Sounds like a collapse that usually happens on the other side of town, where the Cubs – under the so-called curse of the Billy Goat – haven’t been to a World Series since 1945 and haven’t won one since 1908.

The Cubs led most of the 1969 season before a late swoon – and, some say, the appearance of a black cat on the field – helped the New York Mets win the pennant.

And the Cubs were five outs from the World Series two years ago when a fan interfered with a foul ball at Wrigley Field, fueling a Florida Marlins rally that led to an eventual World Series title.

Don’t forget, too, that the White Sox haven’t been to a World Series since 1959, so years of baseball futility in this city is not limited to one side or the other.

The Cubs always outdraw the White Sox, regardless of the records, mainly because of the appeal of Wrigley Field and the surrounding saloons, although White Sox attendance this season has surpassed 2 million – with 38 crowds of more than 30,000.

Sitting on a porch on a side street near U.S. Cellular Field, 89-year-old retiree Nick Bertucci, who once worked for the White Sox and sold hot dogs, said he’s doing everything he can to help the team snap out of it.

“I make all kinds of signs for them to get hits. Sometimes they work and sometimes they don’t,” he said.

His daughter, Ava Bonomo, said it’s been difficult watching the team’s season crumble.

“It’s heartbreaking, but they’re still our Sox and we love them,” she said.

The strong starting pitching that had been the centerpiece of a team that started 27-9 has faltered recently with All-Star Mark Buehrle, Freddy Garcia and Orlando Hernandez struggling.

Jose Contreras, the most inconsistent starter for the first half of the season, is now the best pitcher on the staff with a 9-2 record since the All-Star game. He’s the only White Sox starter with a winning record since the break.

The bullpen also has been a mess, having allowed nine earned runs in its last 18 innings.

After jettisoning run producers such as Carlos Lee and Magglio Ordonez in the offseason and relying on Guillen’s preferred small-ball attack featuring speedy leadoff hitter Scott Podsednik, the White Sox have struggled during stretches to score.

Last week, as the Indians continued on their tear, the White Sox dropped two of three in Kansas City – the worst team in the majors – and prompted the always opinionated and outspoken Guillen to proclaim: “We really flat-out stink.”

“When I say my team stinks and doesn’t play the way it can play, I don’t want to hear it from anybody else because they can hear it from me,” Guillen said.

The Indians are amply aware the White Sox are wobbling.

“They don’t have that big lead anymore and they’ve got to be thinking about that,” Cleveland pitcher C.C. Sabathia said.

Chicago’s road is rough in the final two weeks.
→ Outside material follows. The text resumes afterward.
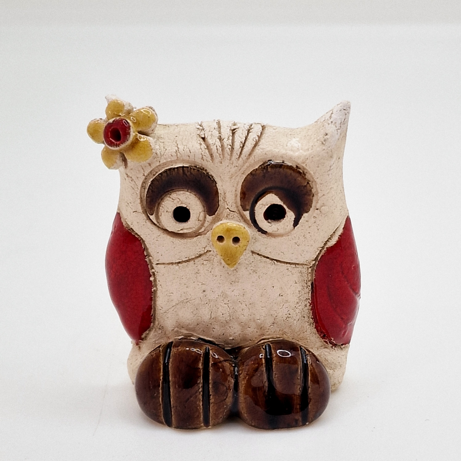 • Figura decorativa de coruja em cerâmica com asas vermelhas e flor na cabeça
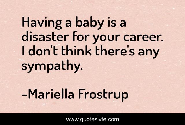 This page presents the quote "Having a baby is a disaster for your career. I don't think there's any sympathy.". Author of this quote is Mariella Frostrup. This quote is about baby, career, think,.

After the Indians, they play four games at home against the team that has dominated the AL Central the previous couple of years, the Minnesota Twins. Then it’s on to Detroit for four games and then – perhaps fitting – a three-game finale in Cleveland.

“People told me if you don’t make the playoffs you’re going to be the biggest loser ever,” Guillen said. “Well, that’s part of the game.

“I’m not choking,” he added. “This is baseball. My life is going to continue to move on, maybe here or somewhere else. As soon as the season is over, believe me, I’m going to turn the page.”